Third World countries have it backwards. The West’s CO2 emissions have been increasing crop yields while helping to ease the Third World’s water shortages. Rather than plead for reparations, Third World governments should offer a paean to Providence.
The bureaucrats at Copenhagen dread high CO2 levels. The biosphere craves them. Plants evolved when CO2 levels in the atmosphere stood at a healthy 1000 parts per million, two-to-three times today’s paltry level of about 380 parts per million. Plants crave CO2 so much that commercial greenhouse operators often enrich greenhouse air with CO2 — also known as nature’s fertilizer — to levels of 1500 parts per million, or four times that of our current atmosphere.
 Since humans began adding CO2 to the planet’s atmosphere, taking plants off their starvation rations by creating a planet-wide greenhouse, plants have thrived. Data from NASA satellites, which since the early 1980s have been tracking the amount of biota on Earth, vividly demonstrate the results. As CO2 emissions grew in leaps and bounds, so did plants — the data shows planet Earth is now greener than when those satellite measurements began.
 Growth in greenery varies from country to country, and within countries, because climatic factors are so many and so varied, but the overall trend is clear, and especially in the Third World. The Indian subcontinent, the Amazon, the tropical countries generally, all show marked improvement, with studies pointing to improvements in carbon dioxide levels as an important factor.
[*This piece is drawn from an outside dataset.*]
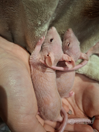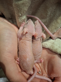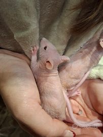 Cedo 3 rattini nudi maschi di circa 1 mesetto .. di colore rosa...molto docili non mordono abituati al contatto umano.
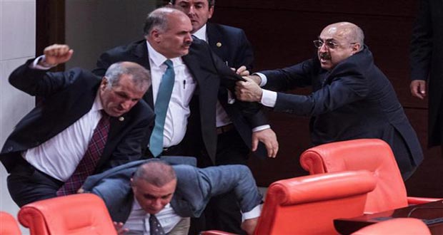 نشب عراك بالأيدي خلال جلسة للبرلمان التركي أمس بين نواب من حزب الحركة القومية المعارض ونواب من حزب العدالة والتنمية الحاكم على خلفية انتقاد حزب الحركة القومية للسياسات التي تنتهجها حكومة رجب طيب اردوغان.

 China, which includes some of the most resource-stretched regions on the planet, provides the most dramatic demonstration of the boon in biota. As shown in a 2007 analysis by academics at the country’s prestigious Beijing Normal University, China’s plant growth increased by an astounding 24 % over the 18-year period studied, 1982 to 1999. The Chinese analysis, which like many others was based on satellite data, notes that China’s resource-constrained regions sometimes did particularly well. In water-constrained Northwest China, for example, plant growth increased by 29%. In Northeast China and the Tibetan Plateau, where temperatures ordinarily place severe limits on vegetation, plant growth increased by 30%. South China and East China, where sunlight is a limiting factor, saw plant growth increase by a still-impressive 19%. Changes in CO2 during those 18 years correlated well with the changes in vegetation.
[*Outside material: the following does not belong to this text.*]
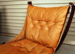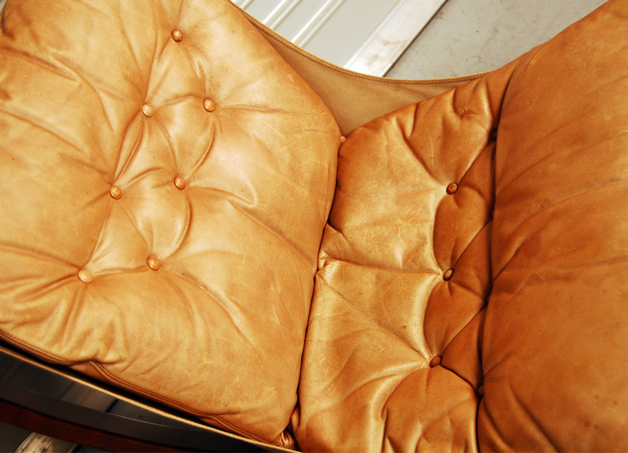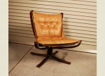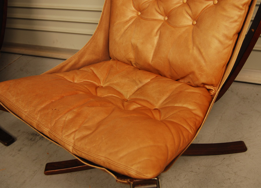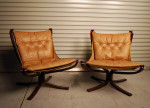 A pair of leather and stained beech easychairs by Norwegian designer Sigurd Ressel. Leather has been cleaned and conditioned and has some marks and patina. Very comfortable seating!

 That plants love CO2 comes as no surprise — CO2 is not only their food, it is a gas to which they are superbly adapted. When the air is rich in CO2, plants don’t need to work as hard to breathe it in, letting them reduce the number of stomata, or air pores, on the surfaces of their leaves. Fewer pores means the plants breathe out less water vapour, letting them conserve moisture and better survive droughts. CO2 also helps plants survive droughts and other adverse conditions by extending their root systems, allowing them to collect minerals and moisture from afar. Through other mechanisms, CO2 protects plants against insect infestations, soil salinity and other environmental threats.

 This gas — also known as the gas of life — is healthful and helpful to humans, too. CO2 not only boosts agricultural yields, it boosts the antioxidant and vitamin content in plants, as well as their essential minerals. Also importantly, CO2 helps make hospitable marginal areas of the world that would otherwise be inhospitable.

Industrialization in the West, along with the fossil fuel burning that it has entailed, has been a win for the West and a win for the world, including the Third World. The colourless, odourless, tasteless gas called CO2 is indispensable to life and, because China and India are certain to rapidly increase their CO2 emissions, the world will soon be getting more of it. They say you can have too much of a good thing. With CO2, the science tells us, the planet is far, far away from reaching its cornucopia potential.

Financial Post
Lawrence Solomon is executive director of Energy Probe and Urban Renaissance Institute and author of The Deniers: The world-renowned scientists who stood up against global warming hysteria, political persecution, and fraud.